Waste Company Fined After Unsafe Skip Stacking And Poor Traffic Segregation
Waste Company Fined After Unsafe Skip Stacking And Poor Traffic Segregation
Brief Summary
The Health and Safety Executive found multiple site safety failures at a waste and recycling business, including skips stacked three high and poor segregation between pedestrians and vehicles. Despite having a traffic plan, it was not visible, was out of date, and did not reflect the site layout or key pedestrian routes. Enforcement action had previously been taken for similar risks.
What Was The Incident?
During an HSE visit in August 2022, inspectors observed vehicles and loading equipment being driven around the site with no effective segregation from pedestrians. A pedestrian entrance was chained and padlocked, forcing people to use the vehicle route used by lorries and other vehicles. The traffic arrangements relied on a visual traffic plan, but it was not visible to staff or visitors and was out of date after the site configuration changed.
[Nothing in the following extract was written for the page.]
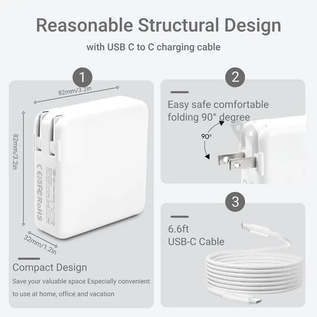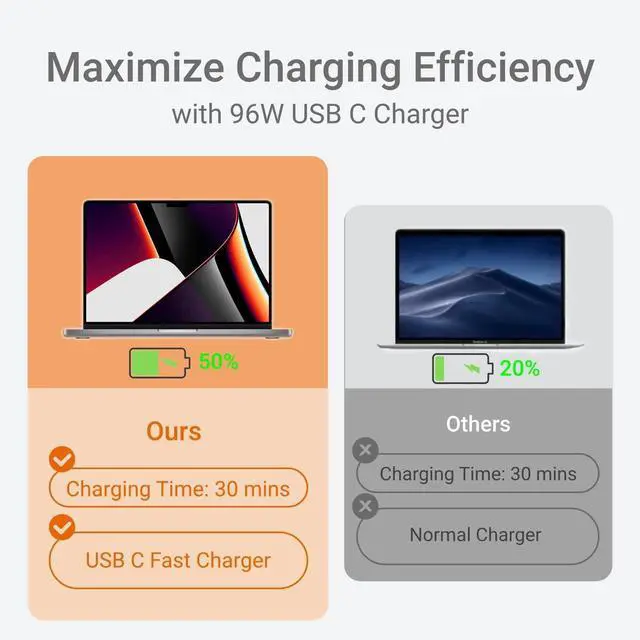 Charge Pro 16 inch (8724mAh): 2h 10mins. Equipped with "Power Delivery (USB PD) Protocol" intelligently output you. you can use this charger instead of 87W/61W/30W/29W adapter for lower wattage. These 96W USB C power adapters automatically for fast charging your MacBook Pro, laptop, iPad Pro, android phones and more USB C & Type C port devices. Whenever at home, in the office or on the road, this 6.6 ft charger cable allows you to charge quickly and efficiently.

Inspectors also found skips that were unsafely stacked, with some deformed and piled up to three high in places. The stacking height and the instability increased the likelihood of collapse or items falling. Skips were placed in an area regularly accessed by workers on foot or in vehicles, increasing the risk of skips falling onto people nearby.
What Was The Outcome?
The company pleaded guilty to two offences. It was fined £167,000 and ordered to pay £16,195 in costs. Further enforcement action followed improvement notices requiring corrective measures, and the later investigation found earlier enforcement history including prohibition notices served in 2019 related to stockpiling and collapse risks.
Key Points To Consider
Provide real segregation between pedestrians and vehicles. Ensure pedestrians have designated safe routes and crossing points, rather than being funnelled onto vehicle paths, and keep segregation effective across the whole site as used in practice.
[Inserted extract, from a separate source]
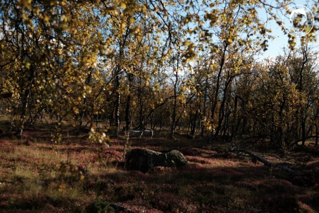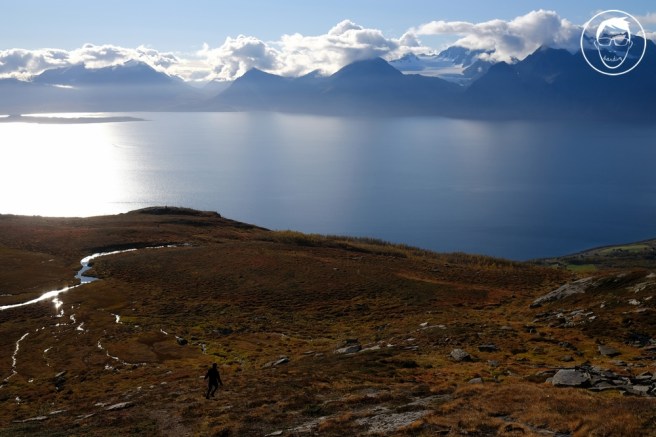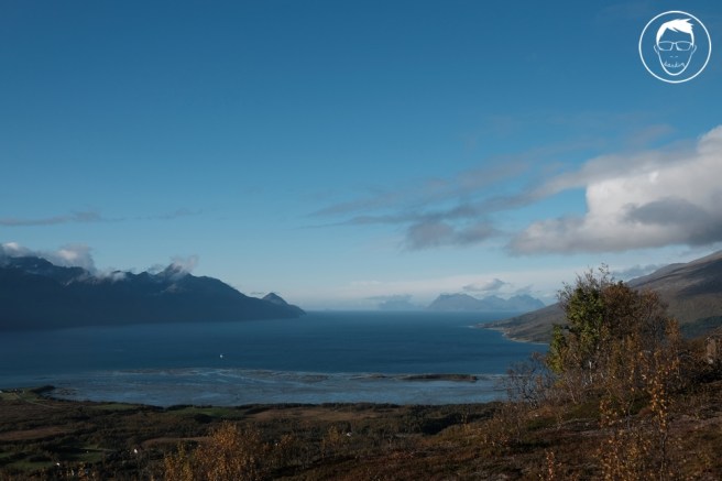 Kami lihat tumpukan batu besar di tengah ruang lapang, pepohonan terlihat coklat menyebar di bawah kami, terlihat jalan raya mengukir tepi fjord dan Lyngen Alps mematung di kejauhan.

Make traffic controls visible and current. A traffic plan is not enough on paper. Check that staff and visitors can actually see it, and review and update it when the site layout changes so it reflects key pedestrian movements.
Control reversal and vehicle movement risks. Where large vehicles must reverse or move close to people, consider additional precautions and implement them to protect workers and others who may be in the same circulation areas.
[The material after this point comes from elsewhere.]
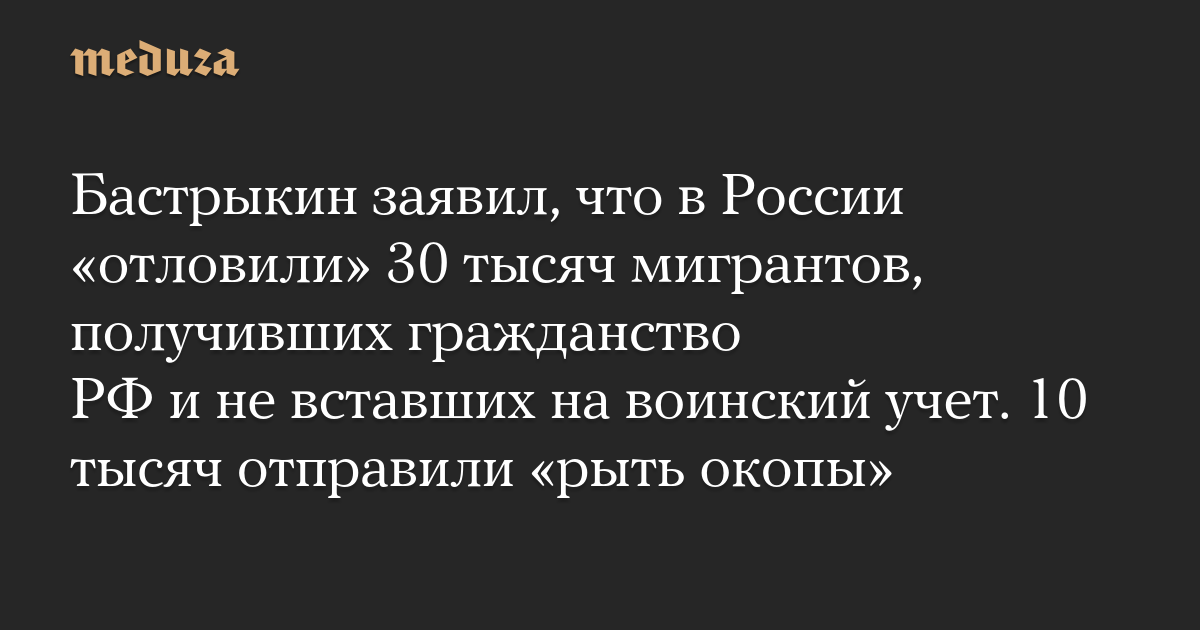 Бастрыкин заявил, что в России «отловили» 30 тысяч мигрантов, получивших гражданство РФ и не вставших на воинский учет. 10 тысяч отправили «рыть окопы»

Manage stockpiling height and stability risks. Avoid dangerous stacking of heavy equipment and materials. Consider instability, deformation of units, and the effect of stacking height on the likelihood of collapse or falling objects.
Use prior enforcement findings to drive sustained improvement. If enforcement action has already identified similar risks, act decisively to close the gaps. Repeated failures can lead to much stronger enforcement outcomes and higher penalties.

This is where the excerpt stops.